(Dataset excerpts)
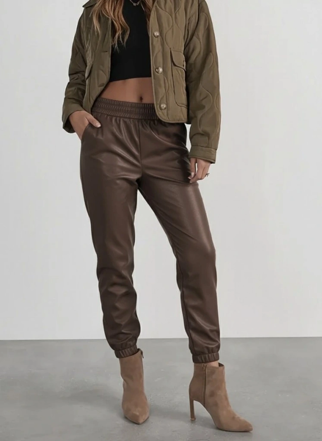 Kadın Yüksek Bel Lastikli önü Düğmeli Deri Pantolon
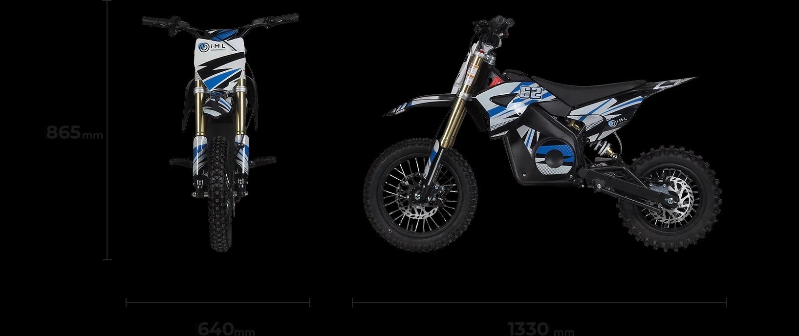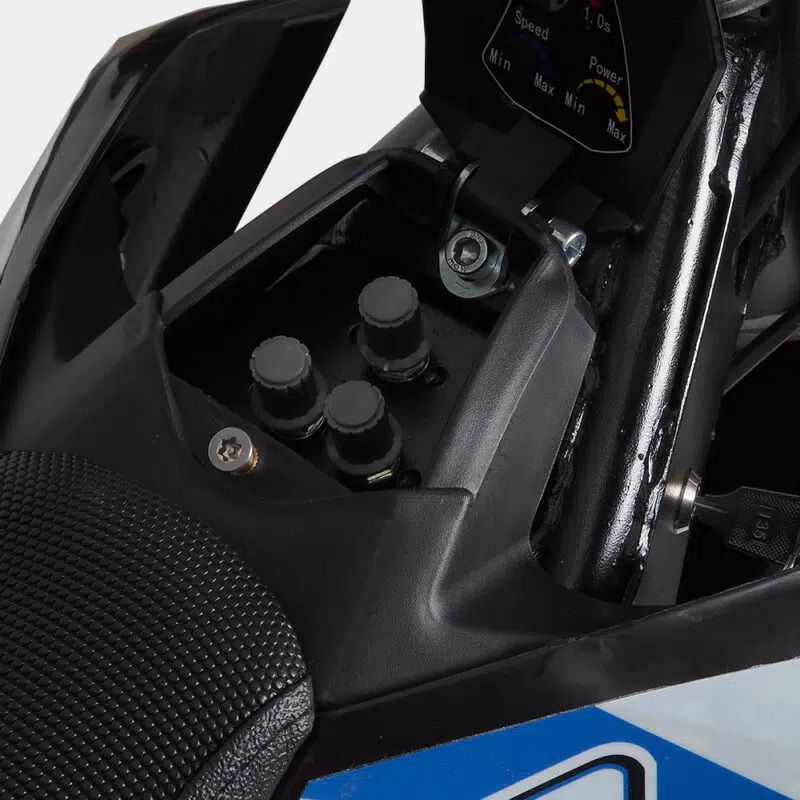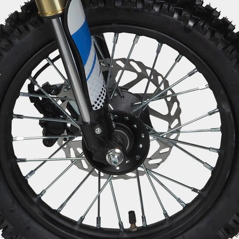 Model crossa dla dzieci występuje w dwóch wersjach, z oponami o wielkości 12/10 cali oraz 14/12 cali. Także w zależności od wygody lub zaawansowania jazdy dziecka, można wybrać odpowiednią dla niego opcję. W crossie elektrycznym znajdują się hamulce tarczowe, hydrauliczne zawieszenie oraz amortyzatory.
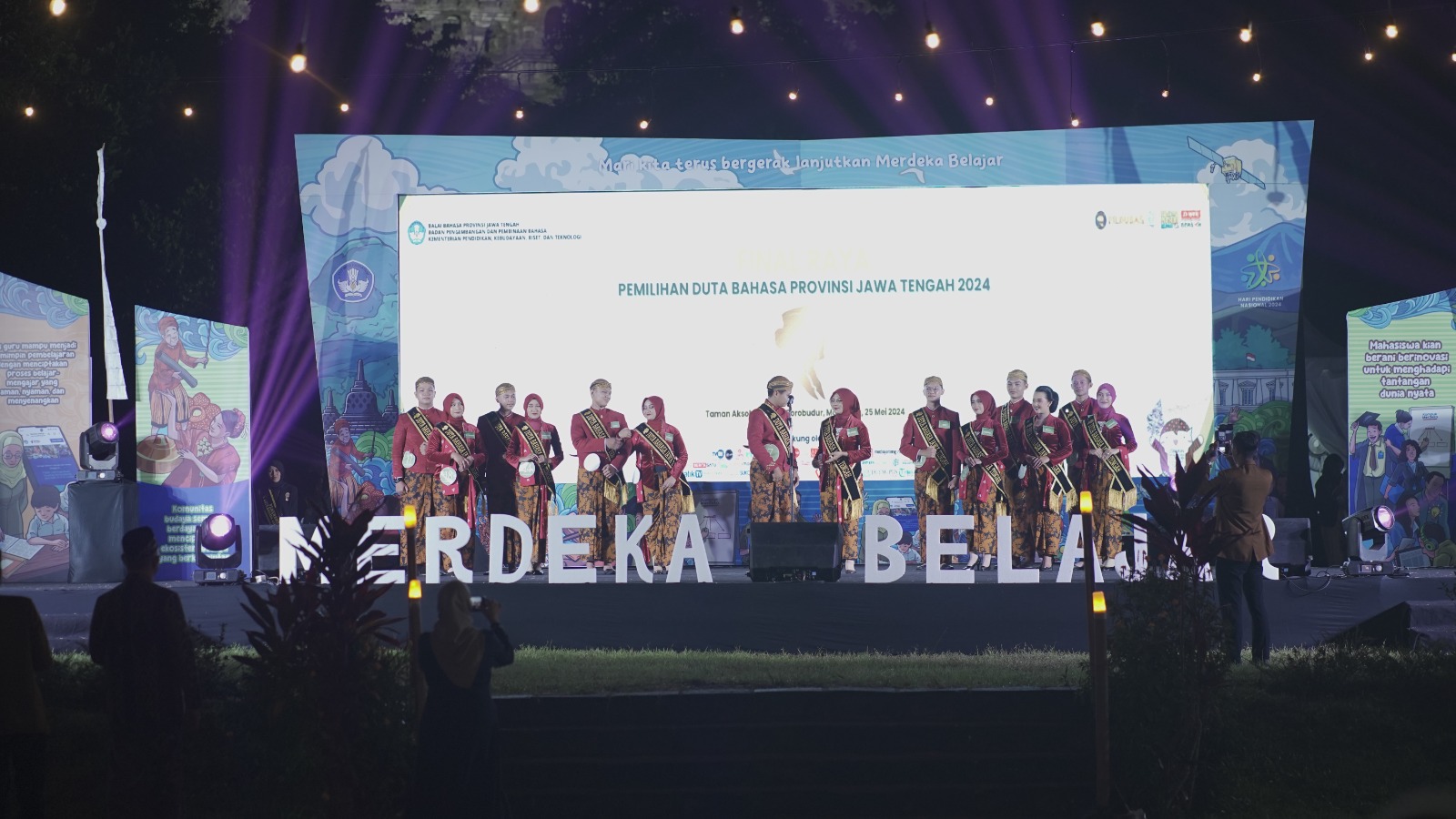 MAGELANG, Suaranahdliyin.com – Balai Bahasa Provinsi Jawa Tengah sukses menggelar Final Raya Pemilihan Duta Bahasa Provinsi Jawa Tengah Tahun 2024 di Taman Aksobya Candi Borobudur, Magelang, Jumat-Ahad, (24-26/05/2024). Kegiatan tersebut terselenggara bersaman dengan pelaksanaan Pameran dan Festival Kurikulum Merdeka dalam rangka Bulan Merdeka Belajar dan Hari Pendidikan Nasional.
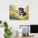 A soft, painterly scene of a schnauzer puppy playfully reaching toward blooming wildflowers in a lush spring meadow, featuring warm sunlight, gentle textures, and a dreamy, storybook atmosphere.
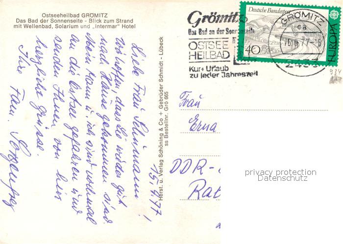 73167486 alte Postkarte Groemitz Ostseebad Hotel Intermar Strand postalisch gelaufen Erhaltung siehe scans [KathaD81] KatCode: 11110001055016
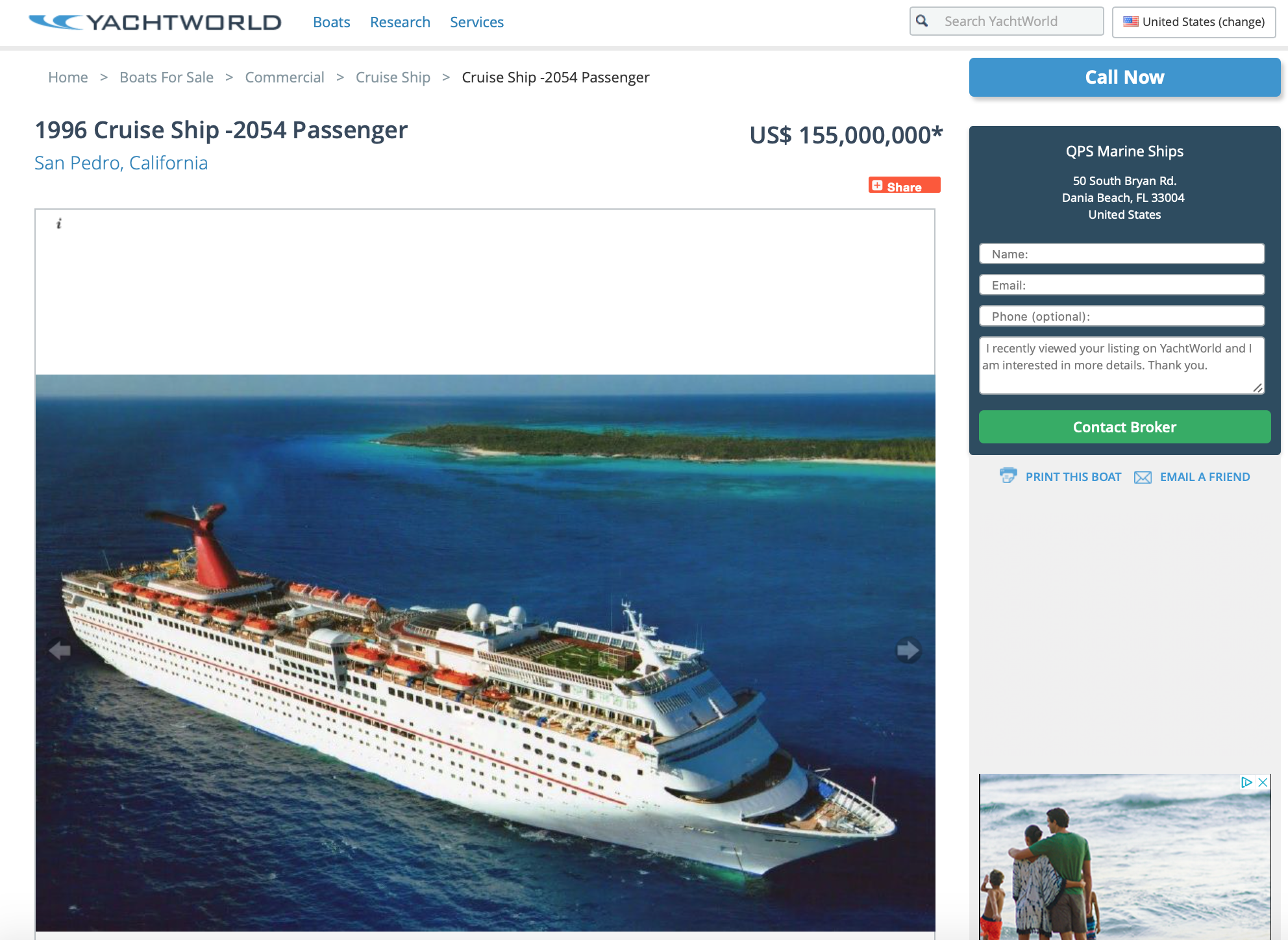 Listed for sale on Yacht World for a not-insignificant amount, is this 1996 “Cruise Ship” which looks to be a former member of the Carnival fleet. But first, do cruise ships not have make and models? If that’s the case, I think they should, and they should all be named after characters from The Little Mermaid or Finding Nemo. How cool would it be to buy a 1999 Sebastian or a 2006 Dory? Regardless, you’re going to need some serious coin or a very well-executed GoFund Me campaign, because the selling price on this bad boy is an iceberg-shattering $155,000,000. Yes, that’s $155 million American Greenbacks.
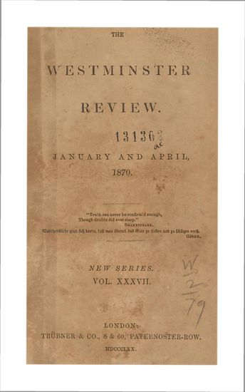 Westminster Review. New Series, Vol. XXXVII, January an ...
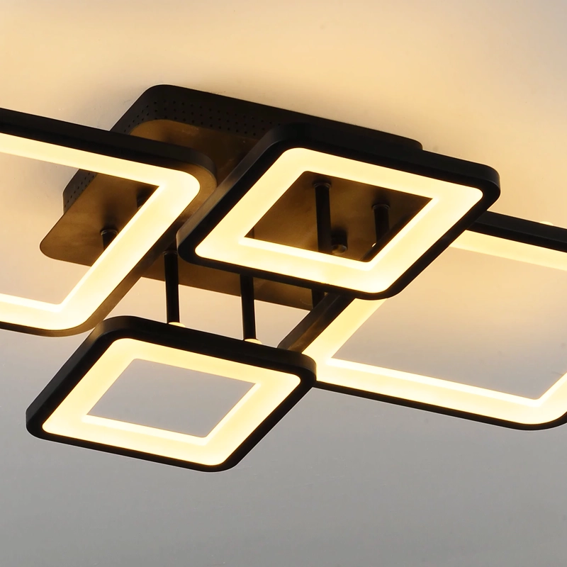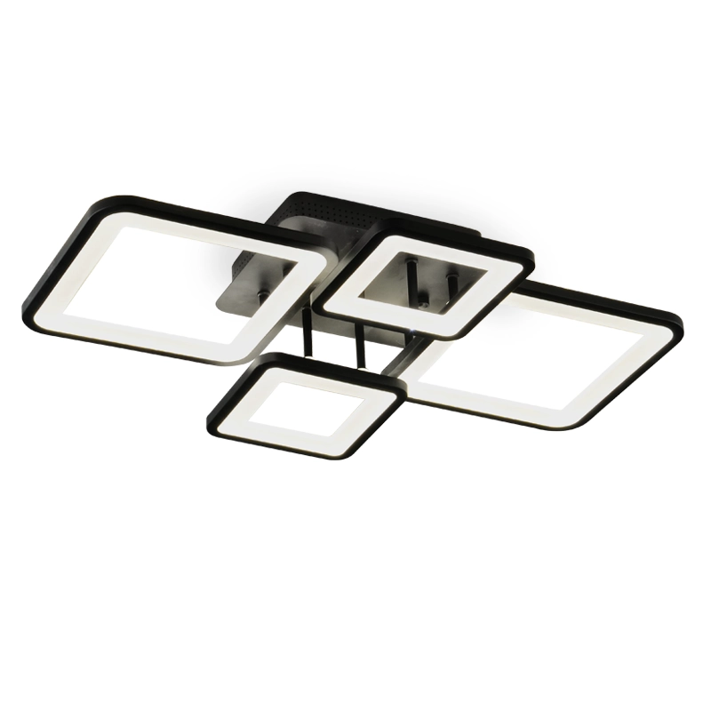 Lustra LED Patrata 2+2 cu Telecomanda, 3 Tipuri De Lumina, 128W, Negru
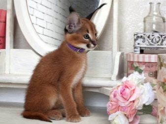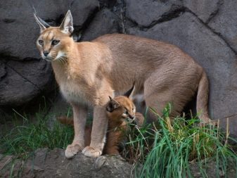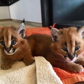 Caracat kittens are born weighing 115 grams. They lack vision, and their ears are horizontal. On the 25th day of life, the cubs are perfectly on their feet and begin to walk independently. By the month their ears grow almost twice and have half-centimeter brushes. The almond-shaped eyes of a kitten are usually colored in honey or blue-green.
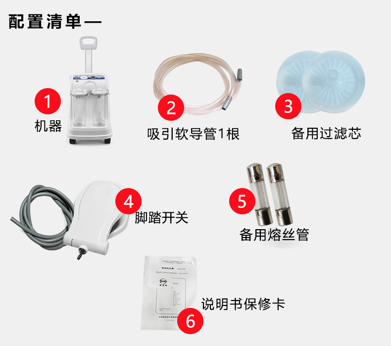 - 产品适用范围:产品供医疗机构用于吸除患者气道内分泌物和手术时吸除患者体内渗出液和冲洗液,产品不适用于流产吸引。
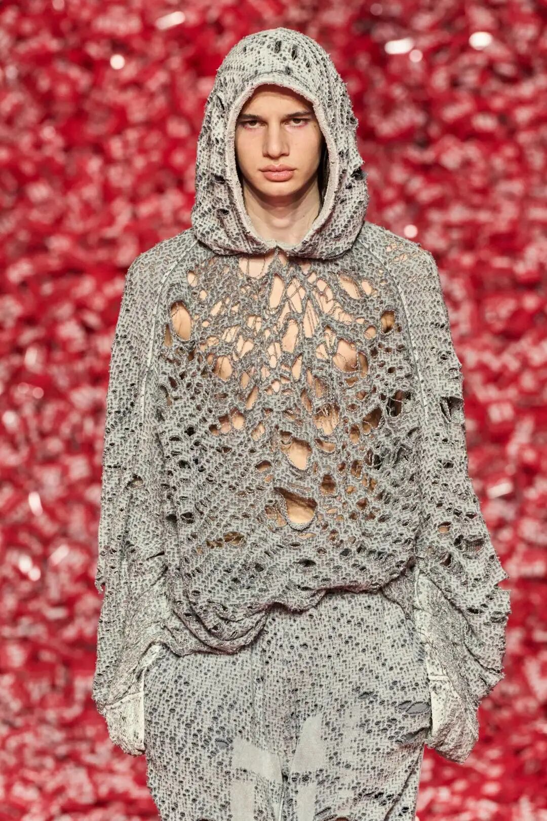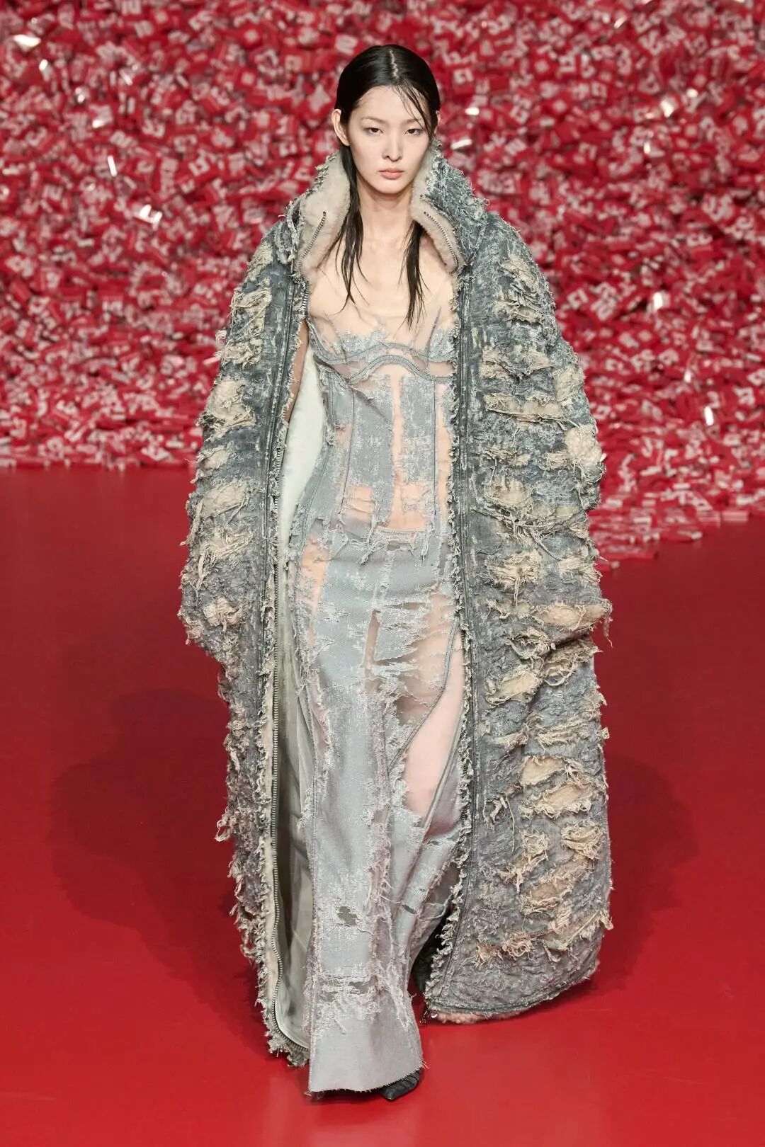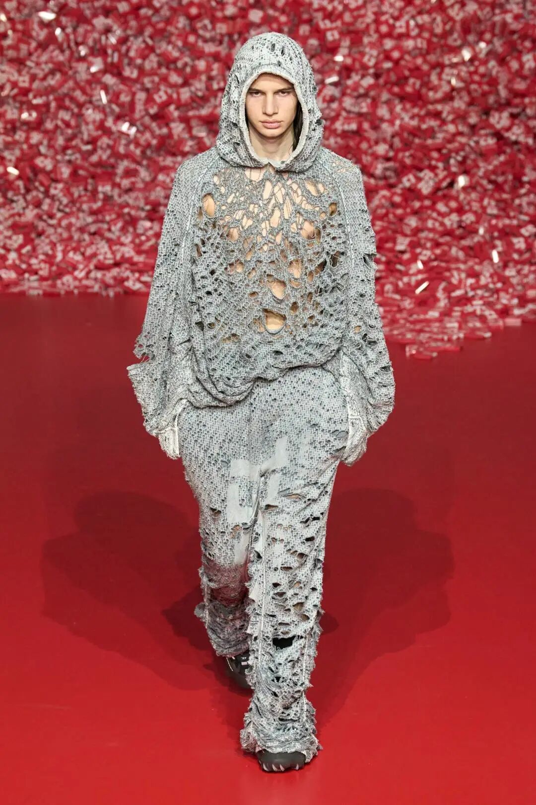 秀場中央堆滿了 200,000 個猩紅色杜蕾斯紙盒,充滿視覺衝擊力。整個系列都在探索自由、快樂和實驗的主題。模特穿著經過特殊處理的歐根紗丹寧面料、印有搞怪的人臉的數碼印花、塗抹金屬色澤顏料的皮革材質,展現著 Glenn Martens 帶給新世代的性感。
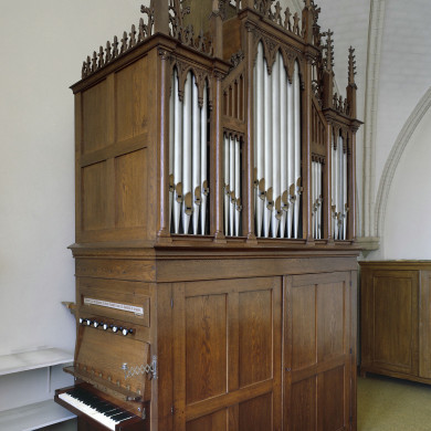 Aan de zijkant boven het toetsenbord een geschilderde banderol met de tekst: "Laudate cum in tympano et choro: laudate cum in choris et organo".

* What you need to do *
Leave out any pictures, please, and quote only the lines from the top of the data through the line that contains "Model crossa dla".

* Exercise result *
 Kadın Yüksek Bel Lastikli önü Düğmeli Deri Pantolon
 Model crossa dla dzieci występuje w dwóch wersjach, z oponami o wielkości 12/10 cali oraz 14/12 cali. Także w zależności od wygody lub zaawansowania jazdy dziecka, można wybrać odpowiednią dla niego opcję. W crossie elektrycznym znajdują się hamulce tarczowe, hydrauliczne zawieszenie oraz amortyzatory.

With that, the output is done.